I reached out to him in June to talk about some of the ideas bouncing around in my head-- disgruntled ideas, even angry ideas.... Why are we still talking about schooling instead of learning?  How has this industry become so much about compliance and so little about creating a democracy? I wanted his help in thinking through some of my ideas... He immediately, and generously wrote back that yes we should do that after the summer. But summer turned into Fall and I didn't reschedule a time to talk. Now, sadly,  I hear that I will not have a conversation with him. But I will hold on to his last email to me with ferociousness. And, I pledge to carry on fighting for learning and not schooling. Thank you for all you have contributed to so many of us and the institutions we were able to build. I send deepest sympathy to your family. 
February 10, 2021
The first time I sat down with Richard was a couple of years after I had finished my doctoral work at Harvard. He sat down with me, in fact--came over to my table at a cafe and asked how I was and what I was working on. As a student I never took a class with him, never really even talked to him. Out of a misplaced frustration with the education business, I had taken the huge influence he wielded in the field as a sign of conformism and, so, rejected him. Someone handed him a critique of his ideas that I had written, a scathing piece of polemic. "I loved what you wrote," he told me after the usual pleasantries. I tried to explain that my mind had changed and I was embarrassed of the young know-it-all who had said those things. "That'd be a real shame," he replied. There was in him no defense against critique, no will to censor, no hunger for control. He had never rejected me, his student in absentia, just as he had worked his entire adult life to create a vision of schooling that welcomed everyone, equally, into a passionate exploration of life. We became friends, spent time at his house and mine, with the magnificent Kirsten Olson, his wife, whom he loved like a bird loves the open air, leading us both in conversation.

Once, after a few drinks, I pointed out to him that his name, years after his official retirement, still appeared in an annual list of top ten most influential educationalists. "I told the guys who run that racket to leave me out of it," he said. "I told them to put some young person's name in there instead, or someone who cares about lists. I've been out of that game for a long time now." Petty games irked his vast, high-minded humility.

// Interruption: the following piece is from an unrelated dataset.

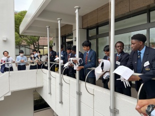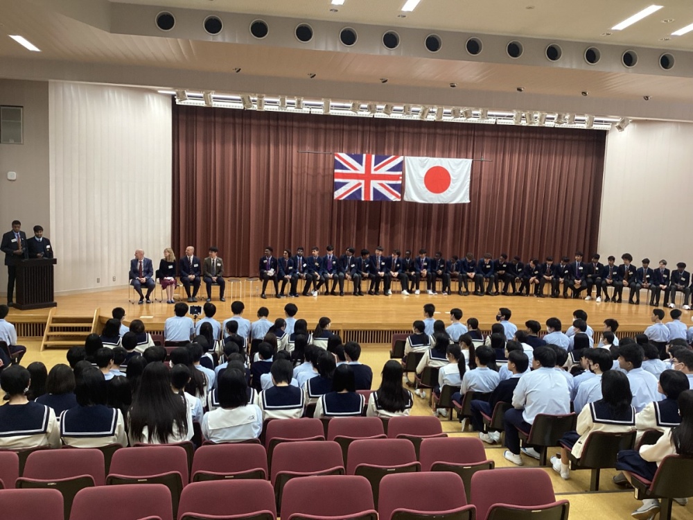 歓迎セレモニーは校長先生の英語での挨拶に始まり、両校の生徒代表が、開智生は英語で、ダートフォード生は日本語で挨拶を行い、校歌で締めくくりました。

Into that greater game, dear old teacher, to which you dedicated your life, into that game your life, your work and your words continue to flow. One can find you there.

Richard's Generosity

February 10, 2021
I am incredibly grateful to Richard for his unbelievable generosity towards me and my siblings. Richard took on the four of us and my mother as his family. He had a comfortable life in Cambridge with a condo, furniture and art catered to his liking. He had privacy and independence to live his life as he wished. He traded all this in to help raise 4 surly adolescents in a Victorian house in Brookline with all of the meals, chaos and noise that it entailed. Richard accepted this change with a gracious spirit and love for all of us. This kindness extended into our adult lives. Anyone who was lucky enough to receive a dinner invitation to my mother and Richard's house was treated to an extraordinary culinary experience. Richard showed his affection for people through his cooking. This was his love language. 

My girlfriend and I had the opportunity to visit him in hospice a few hours before he passed. He was not conscious and breathing heavily. I put my hand on his and thanked him for everything he had done for us. I am indebted to him for his generous spirit. Thank you Richard. You will be missed.